Last spring, Diane, a controller at a mid-sized accounting firm in Cleveland, sent $312,000 to a long-standing vendor. The email thread appeared to be typical. The vendor’s CFO sounded exactly like him on the follow-up call, right down to his constant little cough. When the actual vendor called three days later to inquire about the status of the payment, she discovered that the voice had been cloned from a thirty-second podcast clip. Reluctantly, her company’s cyber insurer paid for the majority of the loss before discreetly refusing to extend the coverage. That tale is no longer uncommon. The new baseline is this.

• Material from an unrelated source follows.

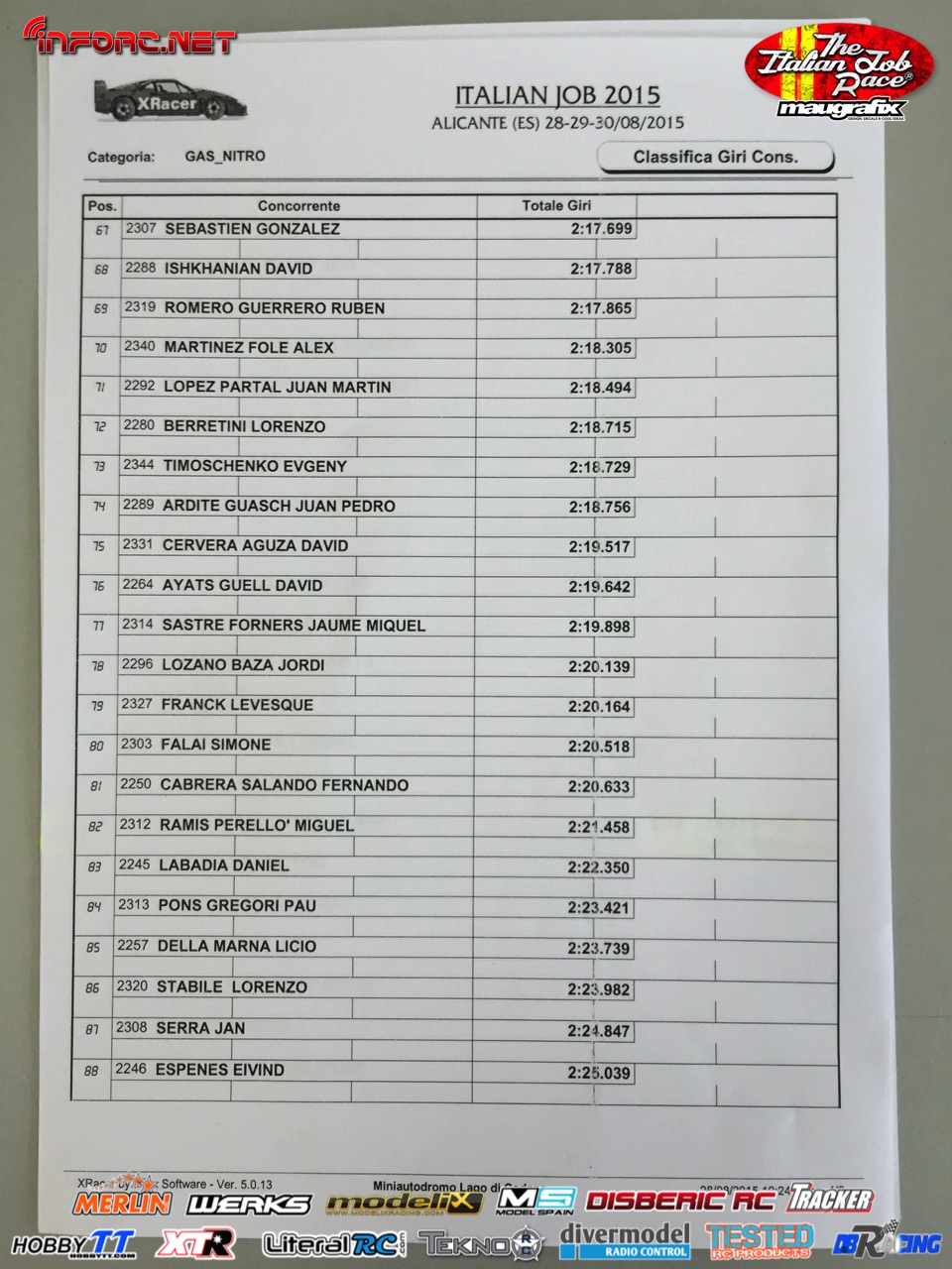 Esta mañana se ha dado el pistoletazo de salida a la carrera internacional más importante que tendrá lugar dentro de nuestras fronteras esta temporada, la Italian Job. En ella se darán cita un total de 200 pilotos entre la modalidad de nitro y eléctrico, todos dispuestos a pasar un estupendo fin de semana en las estupendas instalaciones del Club RC La Nucia, con la organización de esta prestigiosa carrera.

The market for cyber insurance was estimated to be worth $16.3 billion in 2025, which may seem huge, but it actually makes up less than 1% of all property and liability premiums worldwide. That number might provide all the information you need to understand how unprepared the world truly is. In the early 2020s, carriers increased rates by fifty to one hundred percent, imposed ransomware sub-limits, and withdrew from whole industries. After that, there was a brief period of calm. Rates decreased. Late in 2024, Marsh reported a six percent global decline. The declines in Europe were as sharp as twelve percent. For a brief moment, it seemed as though the worst was behind us. It wasn’t.
The emergence of generative AI as a useful tool for criminals was what changed, practically overnight. Attempts to commit deepfake fraud increased by about 3,000%. Phishing emails ceased to read as though they had been translated into three languages and began to sound, in a sense, like they were from your supervisor. I’ve spoken to underwriters who have described an odd split-screen experience: while the severity of individual claims continued to rise, their loss ratios appeared healthier than ever, averaging between 75 and 88 percent. Cost increases, frequency decreases. It’s not stable. The market is holding its breath.
In the past, ransomware was used to lock files. It’s about leaking them now. Data theft accounted for 40% of large cyber claims (those exceeding a million euros) in the first half of 2025. That represents an increase from 25% the previous year. Attackers discovered that encryption had become nearly useless due to improved backups. They turned around as a result. They first steal the data, threaten to publish it, and then let class action lawyers and regulatory fines do the rest of the damage. Exfiltration-related losses are more than twice as high as non-exfiltration losses. In some industries, the math has subtly become unfeasible for insurers.

Education and healthcare continue to suffer the most. Almost every small hospital’s IT department has an overworked administrator using antivirus software that is older than some of the patients. Underwriters are informing these companies that their coverage is decreasing and their premiums are increasing. Discounts are being given to Fortune 500 companies that have complete security operations centers. There is no clear link between the two tiers that make up the market.
What should really concern people is the protection gap. Over a four-year period, the economic harm caused by cybercrime in Germany increased by about 250%. The growth in insured losses was only 70%. This ratio is more than three to one, which means that for every dollar that an insurer pays out, three dollars are eventually absorbed by the victim, suppliers, or customers. Of the eligible organizations, 47% have standalone cyber coverage. In essence, the remaining 53% are wagering their survival on going unnoticed.
One well-known quote from the early days of aviation insurance states that no one knew how to price a risk they had never seen. Right now, cyberspace feels similar. The high premiums have attracted a large number of reinsurers, but few of them are truly confident in their catastrophe models. A single widely exploited vulnerability or outage by a cloud provider could result in losses that erase ten years of industry profits. Munich Re continues to project 10% annual growth through 2030, which may seem promising, but keep in mind that growth and solvency are two different things.
It’s difficult to avoid wondering if the industry is addressing the wrong issue as this develops. The hygienic regulations were effective. Loss ratios were pushed into healthier territory by MFA, EDR, and backups. However, hygiene presupposes that the attacker is human, operating at human speed and making human errors. It’s not the next wave. And most policies being drafted today still make the assumption that it is.